Posted 14 April 2011
Using FPGAs to Create a Complete Computer System
On Thursday, April 7th, at 4:15PM, in Napier 101, Marcela Melara (WS '12) will give a talk on computer systems and FPGAs. An FPGA is a programmable soft-processor that can be used to implement complex digital circuits such as a processor for a computer. Marcela will describe some work she has done implementing a basic yet complete computer system on an FPGA for an architecture called Larc. A major task of this project was to add support for essential hardware devices such as a monitor, a keyboard and a small hard drive. Furthermore, she added architectural support for running an operating system called VIREOS, which includes support for a file system and timesharing, among other features. (Refreshments will be served beforehand.)
Posted 5 April 2011
Trevor Gionet (Hobart College '12) and Yixiao Sha (William Smith College '12) worked on a summer research project in 2010 with Professor Erika King. The goal of the project was to find a more efficient way of proving a theorem characterizing 4-regular, claw-free, well-dominated graphs, which was originally proved by Prof. King using roughly 350 pages. However, during their first week of research, Yixiao and Trevor discovered a graph that was omitted from a characterization by Michael D. Plummer originally used to prove Prof. King's theorem. Thus their research was redirected to revise Plummer's characterization.
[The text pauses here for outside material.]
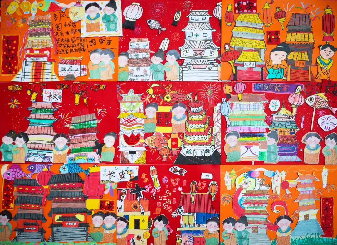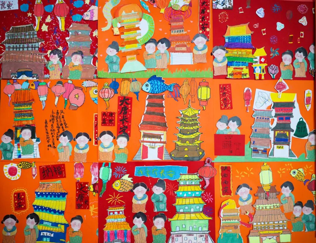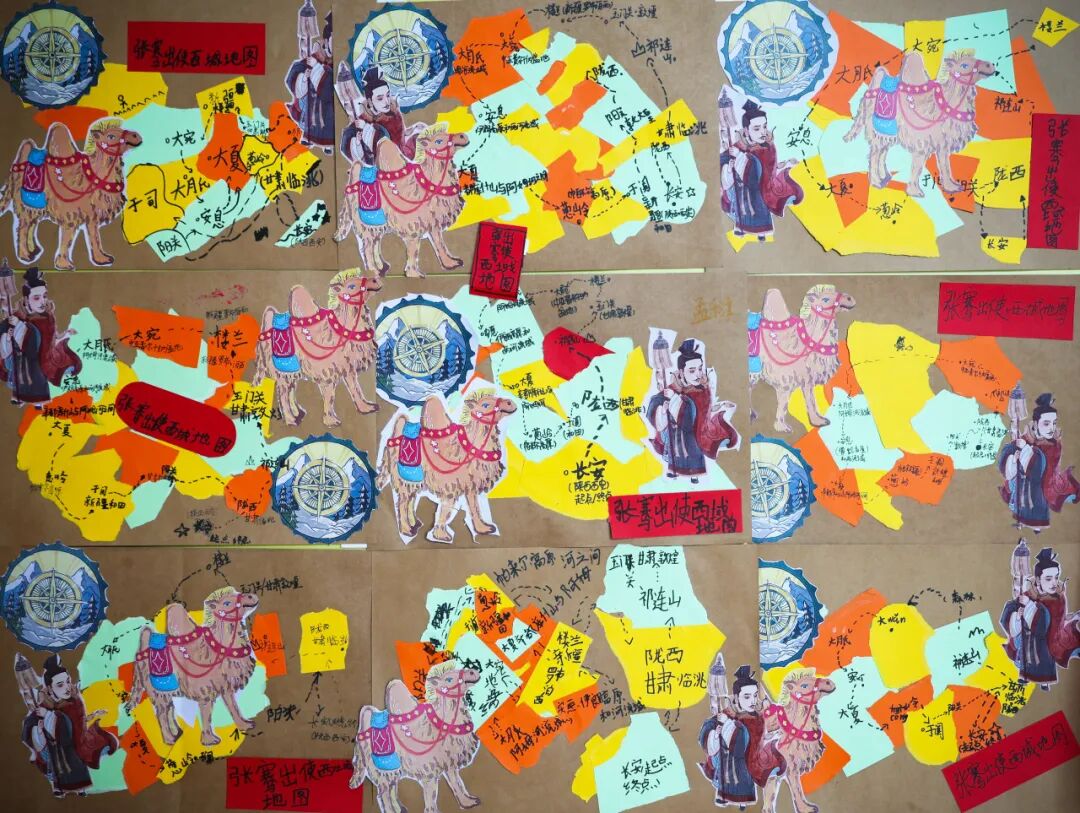 P2E与P2G小朋友们创作的《盛世长安》与《张骞出使西域地图》,则为这场文化致敬添上了浓墨重彩的一笔。繁华的长安市井、浩荡的戈壁驼队,两幅作品遥相呼应,串起丝绸之路从起点到远方的文化脉络。地理学科的路线探究、历史学科的故事溯源、美术学科的创意表达,让孩子们以画笔为舟,重走“凿空之旅”,感受古丝路“亲善之路”“繁荣之路”的深厚底蕴。创作中,孩子们既汲取中国传统界画的严谨构图,又借鉴西方儿童绘画的自由笔触,让作品兼具历史的厚重与童真的灵动。这恰是“融合中西 和谐发展”办学理念的生动实践,也呼应了“一带一路”倡议对古丝路精神的继承与超越——从古代的经贸往来、文化交流,到如今的政策沟通、设施联通、贸易畅通、资金融通、民心相通,丝路精神在新时代不断焕发新的内涵。

Trevor and Yixiao were able to complete Plummer's characterization, revise a result in a paper that used that characterization, and prove a case of Prof. King's theorem. They wrote an article with Prof. King entitled "A revision and extension of results on 4-regular, 4-connected, claw-free graphs", that includes their results. The paper
was recently accepted into the journal Discrete Applied Mathematics.